One well-disposed but concerned observer from abroad (a frequent visitor to our shores) is the United States’ Professor Jared Diamond, author of (inter alia) the very influential Guns, Germs and Steel (1997). This treatise is a convincing science-based exposition of the geographical and environmental reasons for the technological ascendancy of European nation-states during the second millennium, in addition to the usual social and other reasons advanced by historians. It traces humankind’s global history since the appearance of agricultural settlements in the Middle East “fertile crescent”, Nile and Indus valleys and China, wherever our ancestors encountered domesticable animal and plant species, and the consequent spread of agriculture-based societies throughout Europe, Asia, Africa and the Americas. Prof. Diamond has since published Collapse (Penguin, 2005: 574 pp) which includes a chapter, ‘Mining’ Australia (38 pp) deserving the most serious consideration by any Australian government, regardless of its party political social theories.
In his tour de force, he reviews the reasons for the disintegration of cultures with legacies of abandoned ruins in Norse Greenland, Anasazi Chaco Canyon, Rapa Nui (Easter Island) and other Pacific Islands, in Mayan Yucatan, and elsewhere. These reasons – mainly overpopulation and irrational actions driving local environmental degradation – have also played their part in modern tragedies including the Rwandan genocide and the impoverishment of nations such as Haiti, while neighbour states (eg. Dominican Republic) prosper. The prospects for nations including China, the United States, and others subject to environmentally disastrous values, with failure to recognize or anticipate the consequences of irrational political policies and unsuccessful remedies, are comprehensively brought into focus.

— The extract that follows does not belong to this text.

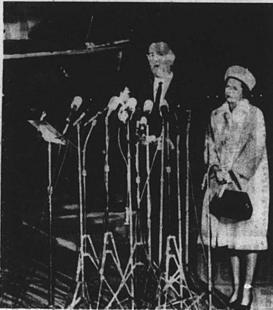
The new President, Lyndon B. Johnson, his wife beside him, makes some brief remarks at Andrews Air Force Base in Washington, Friday night. He told the reporters, "I will do my best. That is all that I can do."

He sees Australia, not as a nation facing imminent collapse, but as the first world’s miners’ canary: a developed country facing a rapid decline in living standards as its burgeoning population outstrips its rapidly degrading natural resource base. After consulting widely with government authorities, academics (including Tim Flannery) and grassroots farmers, graziers, and Landcare-type groups, Jared Diamond compares us with other nations, past and present. He details our problems of soil fertility and salinization, land degradation, diminishing freshwater resources, distance costs, over-exploitation of forests and fisheries, importation of inappropriate European agricultural values and methods and alien species, trade and immigration policies. He concludes that the mining of our natural resources – their unsustainable exploitation at rates faster than their renewal rates since European settlement began – gives us the dubious distinction of ‘…illustrating in extreme form the exponentially accelerating “horse race” in which the world now finds itself……on the one hand, the development of environmental problems……on the other hand, the development of public environmental concern, and of private and governmental countermeasures. Which horse will win? Many readers……will live long enough to see the outcome.’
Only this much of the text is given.